The most important thing to know as a comics self-publisher is this: it is going to take you a really, really, really long time to make a livable income from comics. Be honest with yourself and prepare accordingly. Contracted industry pros have a hard enough time making enough money from comics. You, as a self-publisher coming out of nowhere, have virtually no chance of doing it any time soon.


Know that comics is a depressed market. This may change, but it's a reality now. In hard times, people don't take big risks. This means that distributors and retailers alike will be wary to take you on as a seller. Know that out of the thousands of comic stores in the US, only about three hundred of them -- at best -- will sell your book, just because you're not Marvel or DC. With little available money in comics, retailers and distributors gravitate to the proven extremes: butt-kickin' action stories and weepy, cute indy books. Know this, and know that if you aren't making books like that, yours is a hard genre to sell, and you will have to create an audience for your work all by yourself.


Know that Diamond is the only real option as a direct market distributor in the US. Diamond, like it or not, IS the direct market. Know that as money evaporates in comics, their requirements tighten up. In other words, the less money you're likely to make, the more you're responsible for. Find out what it means to have to meet their "benchmark," and, depending on who ends up your brand manager at Diamond, find out just how much you mean to them as a seller.


Again, comics is a moneyless, apathetic business right now. Its flagship publication example of serial stories generates less and less interest every year and comic stores are disappearing. All the press comics gets from Hollywood projects is bogus: we're hurting. In the mid-80s if a book sold less than 500,000 at Marvel it was on the chopping block. In 2005, Jim Freaking Lee can't sell more than 250,000 copies of a comic, and no one outsells that guy.


If all of this doom and discouragement does nothing to dishearten you -- you make the cut. You'll work hard. And you'll have to.


These are my suggestions:


Network like a madperson. Use conventions and the internet to make connections with pros and comics press who like your work and are willing to help you in some way. Cons are crucial because you can network and make money simultaneously. If you're making books, time the release of your work with a major comics show (SPX, APE, etc.) so pros, retailers and fans will all be around to take advantage of.

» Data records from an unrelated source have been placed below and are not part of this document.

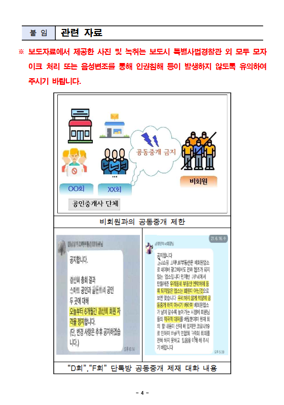 ※ 보도자료에서 제공한 사진 및 녹취는 보도시 특별사법경찰관 외 모두 모자
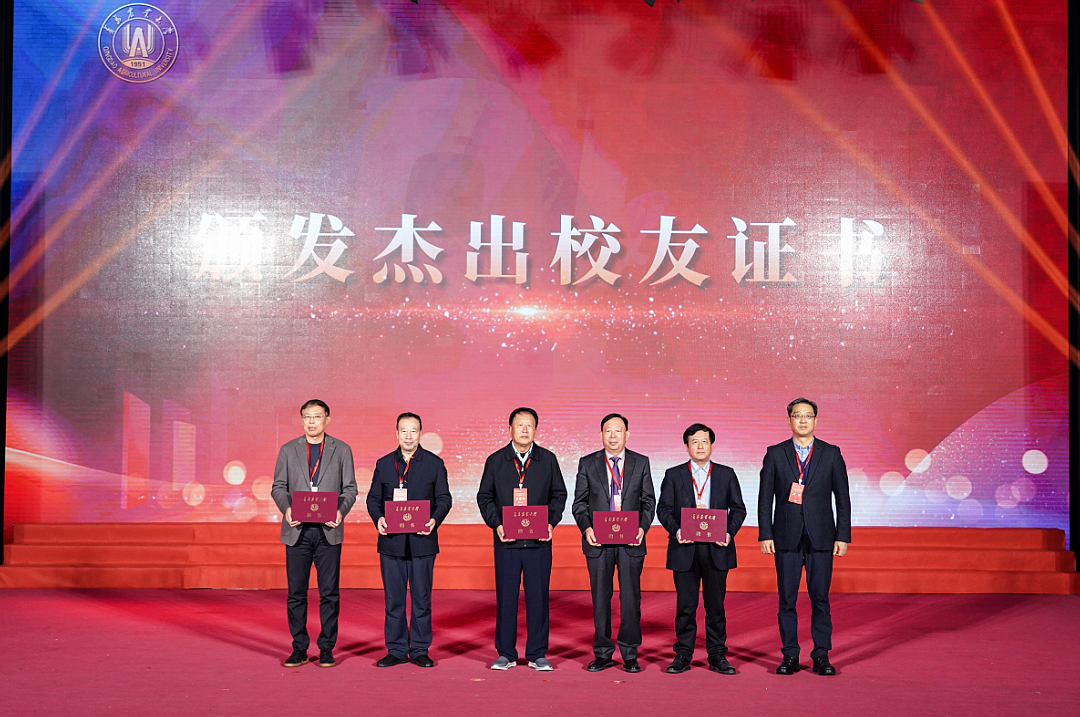 当天上午,山东省青岛农业大学校友会闭幕式在学校演播大厅举行。1974级农学专业校友李登海,1977级兽医专业校友张效成、黄炳亮,1977级农业机械化校友方润刚、孙俊成,1978级农学专业校友刘铁斌、刘鲁民等7位校友被推选为杰出校友,校党委书记潘军为到会杰出校友颁发证书。
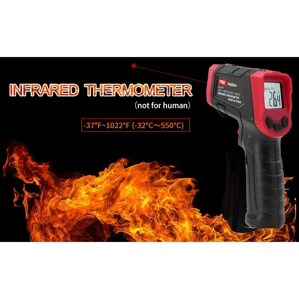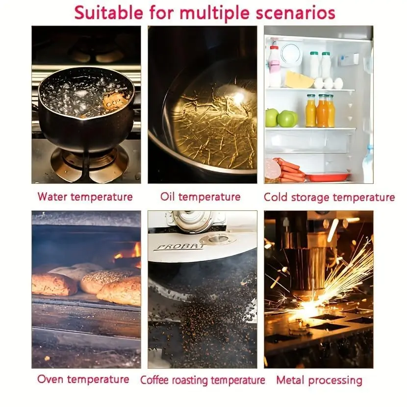 [HIGH ACCURACY]This instrument combines the latest temperature sensor technology with an advanced Fresnel lens, delivering high-accuracy readings of up to ±2% in just 0.5 seconds.The adjustable emissivity is 0.1-1.0, allowing for more accurate measurement of the surface temperature of various objects.[Wide Temperature Range]The infrared thermometer provides precise, non-contact readings from -32°C to 550°C (-37°F to 1022°F) within 0.5 seconds.Release the trigger to freeze the readings and ensure measurement accuracy.Measure the surface temperature of everyday and industrial objects such as food, glass, steel, etc.(Note: Please DO NOT use the thermometer on humans or animals.)[Free Meat Thermometer]Can measure the internal temperature range: -50°C to +300°C / -58°F to +572°F, fast reading, large LCD display, 304 stainless steel probe, high precision (±1°C /°F).It can be used for home refrigeration or cooking, measuring food heating, or for daily use.It automatically turns off after 15 minutes.[SAFE TEMPERATURE MEASUREMENT]This non-contact thermometer is designed for safety and allows temperature measurements from a distance, ideal for hazardous or hard-to-reach areas.Perfect for industrial or household use, as it ensures safety without compromising accuracy.[BEST FAMILY GIFT]The infrared thermometer can be used for cooking, grilling, car repair, home maintenance, and other household tasks.Paired with a meat thermometer, it's the best culinary aid for chefs and foodies, better supporting everyday life.We offer a lifetime warranty and a 60-day refund.

Generate press. Before every publication, flood news sites and magazines with press releases about your work. Do it again when the work is released. You'll be ignored. Don't stop. If your book is being carried in Previews, get a list of indy-friendly comics retailers and call all of them to let them know about your book. Most of them will surprise you in their willingness to entertain your introduction.

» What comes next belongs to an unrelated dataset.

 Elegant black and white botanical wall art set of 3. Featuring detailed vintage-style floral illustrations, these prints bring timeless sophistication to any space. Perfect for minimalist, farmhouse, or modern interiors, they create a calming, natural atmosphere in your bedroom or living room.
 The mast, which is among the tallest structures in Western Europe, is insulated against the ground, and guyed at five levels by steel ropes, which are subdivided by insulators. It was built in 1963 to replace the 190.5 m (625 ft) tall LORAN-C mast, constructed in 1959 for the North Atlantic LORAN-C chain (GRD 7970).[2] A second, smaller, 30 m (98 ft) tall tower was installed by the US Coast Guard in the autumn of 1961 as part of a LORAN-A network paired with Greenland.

Throw away your book to comics reviews sites, comics magazines and comics retailers. If you can, always give previews to comics sellers before the work is released. They're a million times more likely to carry and work to sell a book they've read. Sure, sell your comics, too, but people who can generate press for you need to have your book to do it. Never forget that your work is only useful in anyone else's hands but yours. Join the CBIA and use it as a publishing resource; offer review copies through it and stay up-to-date on things.

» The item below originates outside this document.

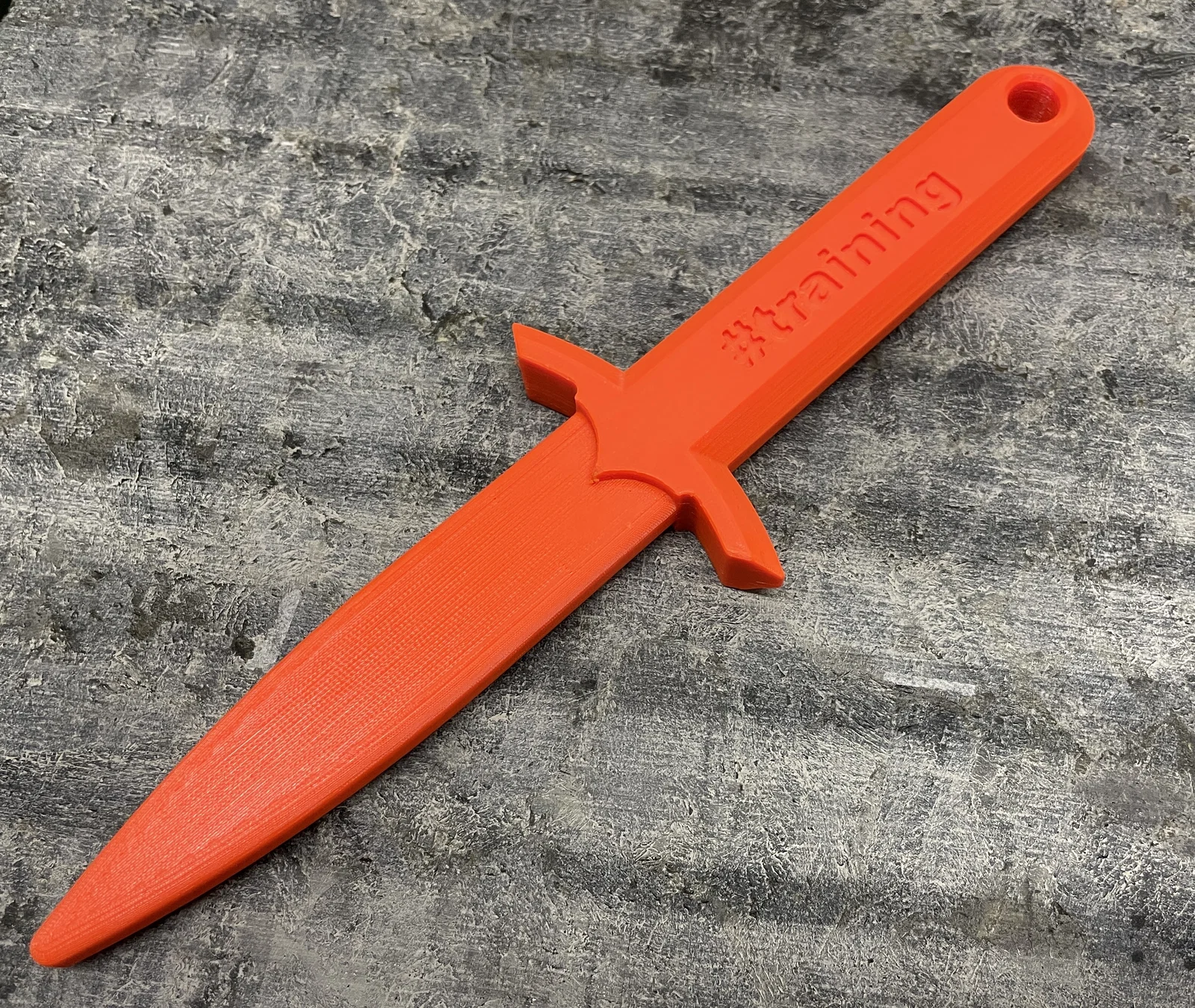 Trainingsdolch / training dagger dùng cho Force on Force Training. Khuyến nghị in với 100% infill để chắc hơn. Có kèm Gcode bản có chữ và file model bản không chữ để bạn chọn.

Realize that in self-publishing, the work is never finished. You can never go home from it, so you can never avoid its tasks and its implications.
Maintain a sense of humor. Even after you run yourself ragged just getting the book out, some people will dog you. It's meaningless. If doing the work and putting it out gratifies you, just keep going. Success is an unfathomable matter of being in the right place at the right time, and you can't be there if you've quit. If you stay on your feet and love what you do, you can only go up.